The Tatra 52 is a Czechoslovak mid-size car that was made by Závody Tatra from 1931 to 1939. It was built both at the Tatra factory in Kopřivnice and also under licence by Rohr at Frankfurt am Main in Germany.

==History==
Tatra launched the Type 52 in 1931 to replace the Type 30/52. Like its predecessor the Type 52 has a Tatra concept backbone chassis. It also has the same 30 hp air-cooled 1,910 cc overhead valve flat-four engine, which gives it a top speed of 90 km/h. Its fuel consumption is between 13 and 15 litres per 100 km.

Transmission is by a dry clutch and four-speed gearbox. The rear wheels are on half-axles with transverse leaf springs. The drum brakes are hydraulically operated.

The choice of bodies offered included a four-door sedan, two-door, four-seat convertible, six-seat landaulet by Tatra and more luxurious versions with bodies by a choice of coachbuilders: Bohemia in Česká Lípa and Sodomka in Vysoké Mýto. By 1934 the bonnet had been restyled, with Tatra's traditional enclosed front replaced with a conventional grille.

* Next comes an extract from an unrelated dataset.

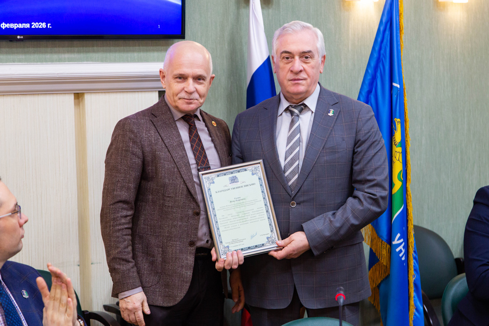 Перед началом заседания Андрей Беседин вручил и.о. ректора УрГЭУ Якову Силину благодарственное письмо президента Уральской торгово-промышленной палаты Российской Федерации за содействие в развитии системы региональных торгово-промышленных палат.

For 1935 Tatra revised the Type 52 body again to be the same style as the 1,688 cc Tatra 75. Tatra increased the Type 52's power output to 32 hp. Bodies offered included a six-seat limousine, six-seat convertible and also an ambulance.

Tatra also used the engine of the Type 52 in other vehicles, including trucks and the Tatra 72 three-axle off-road vehicle.

Type 52 production ceased in 1939, by which time about 1,700 cars had been built. 1,157 of these were four-door limousines.

==Bibliography==
- Schmarbeck, Wolfgang (1977). "Tatra, Die Geshichte Tatra Automobile"
- Tuček, Jan (2017). "Auta první republiky 1918–1938"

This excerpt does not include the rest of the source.